Last we heard he had fled to Peru months after the New York Times blew up the scheme by reporting that Hansen was a convicted felon and con artist. Also, after closer examination of the videotapes, several news outlets wrote that the videos did not show any bribe, despite Chevron's incendiary charges to the contrary. See here.
The little we do know is from a few emails obtained during court discovery. Chevron's investigators tracked down Hansen in a Los Angeles hospital after he had sent them an email complaining that Borja, his partner, had been paid handsomely for his espionage efforts but he, Hansen, had not. See this Courthouse News story.
The emails link Hansen to a private investigative firm hired by Chevron. Hansen sent the first message, bearing the subject line "dooped ?????", weeks before Chevron released the videos in late August 2009.
"I have been waiting for your call, you said you would call me .... It seems that the oil co has cut a deal with Diego [Borja] and I have not heard a word from anyone but Diego. What am I to think? ...
"As I can see the window of life coming to a close I will not hold back. I need to hear from a real player with a plan for Wayne [Hansen]. If I do not hear from the oil co. by July 17, 09 I must think I have been left out and I am to do what and think what ... I have been duped."
In late 2010, about two months after the Government of Ecuador obtained a subpoena for Hansen, he sent a similarly enigmatic email to the Mason Group, a private investigative firm based in the San Francisco area.
"I am in a nice place where you guys from SF might like to visit or just hang it up and live like a king for 1,200 a month. ... The little beach town is Moncora in northern Peru and the waves are the best I have ever seen. ... come on down. [L]ots of fish to cook up. ... Best Regards and GOD Bless you Wayne Hansen." [Ellipses and brackets in original.]

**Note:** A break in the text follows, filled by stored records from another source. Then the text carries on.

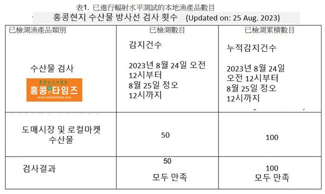 824일부터 25일 정오까지 식품환경부는 일본산 식품 253식품안전센터는 현지어획물 100개에 대해 방사능 검사를 실시했다모든 샘플이 검사에서 통과되었다.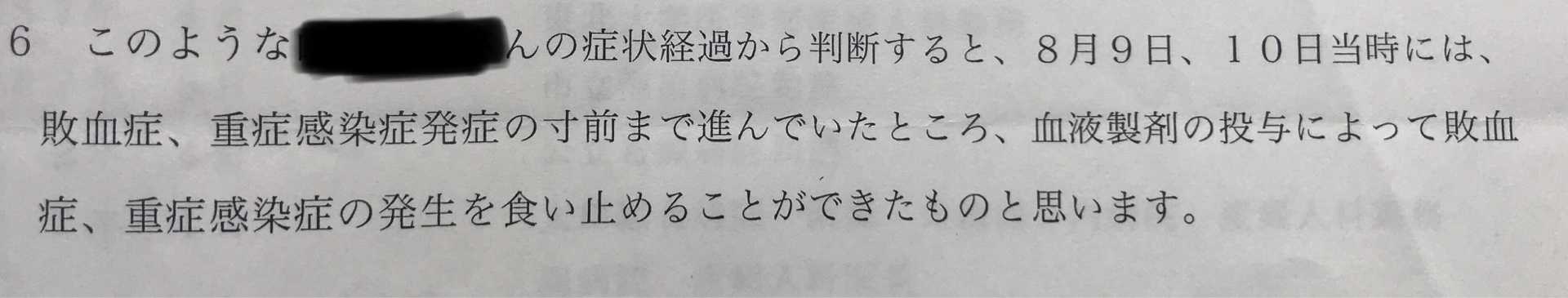 医師Tは「敗血症、重症感染症を起こすことが必至であると判断したと言う」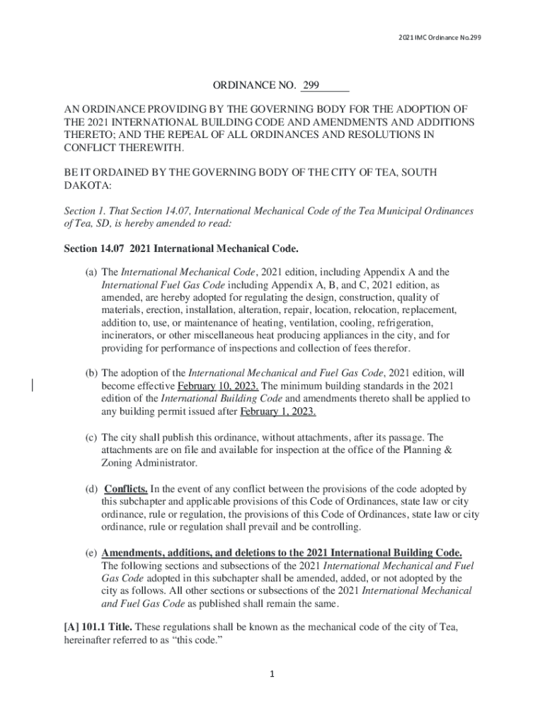 2021 IMC Ordinance No.299ORDINANCE NO. 299 AN ORDINANCE PROVIDING BY THE GOVERNING BODY FOR THE ADOPTION OF THE 2021 INTERNATIONAL BUILDING CODE AND AMENDMENTS AND ADDITIONS THERETO; AND THE REPEAL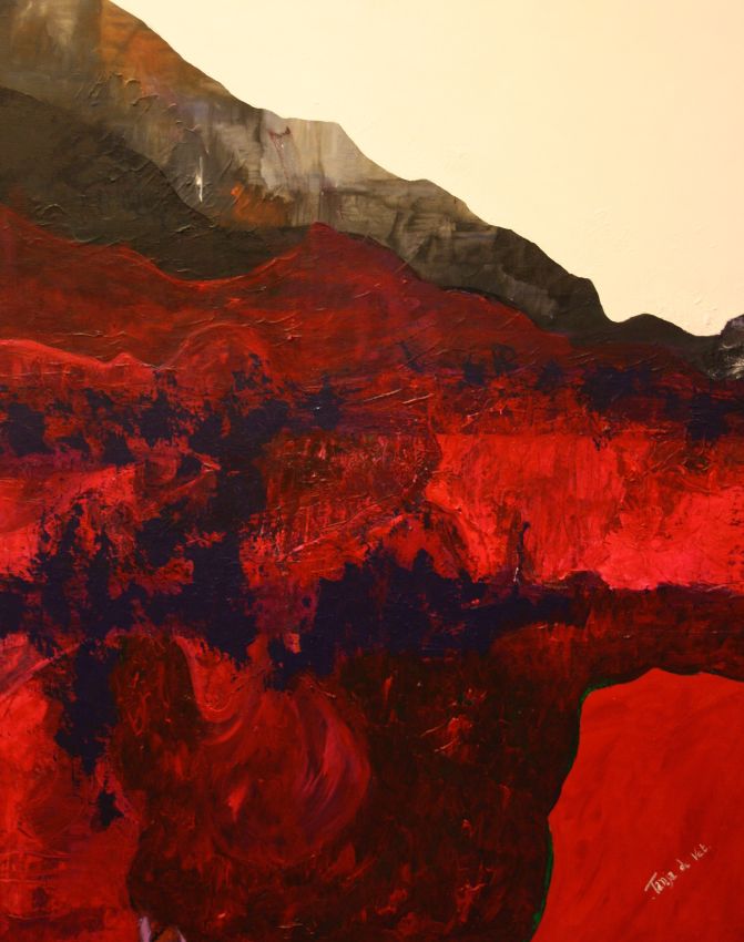Schilderij Grijs Rood Landschap Blauw Bruin Groot

None of the questions about Borja, Portilla and Hansen's relationship to Chevron have been answered in part because California Federal Magistrate Judge Nathanial Cousins has yet to rule on a 2010 discovery motion. We are not sure what Judge Cousins is up to, but he did take the time to attend a party with Chevron's and Borja's attorneys the night before the motion hearing. We know this because he joked with them about the party as the hearing began.
Judge Cousins: "I regret to inform that there are no Mai Tais or ice cream left over from Judge Chen's party last night, but we'll do our best to accommodate you."
Chevron-paid attorney: "You made it here, your Honor."
Judge Cousins: "Yes. Yes, despite long odds. We've got two motions pending, as well as some follow-up on the protocol that we discussed last week, by telephone .... I suggest we start with that. So if we could, start there. And everyone speak slowly, because we are still recovering from yesterday."
Partying aside, all of our questions could be answered if U.S. courts and the corporate arbitration panel would force Chevron to turn over documents, as Judge Kaplan forced the Ecuadorians and their lawyers to do four years ago in the company's retaliatory racketeering case. Judge Kaplan even ordered an Ecuadorian to immediately turn over his laptop when he admitted to having one in his possession during the U.S. trial. The laptop produced no evidence, only photographs of the man's children.
It did, however, show the power of a single corporation to get what it wants from the federal judiciary.
Apparently, helping impoverished villagers who have been decimated by an American oil company in faraway lands is not a priority for the federal judiciary in the world's greatest democracy.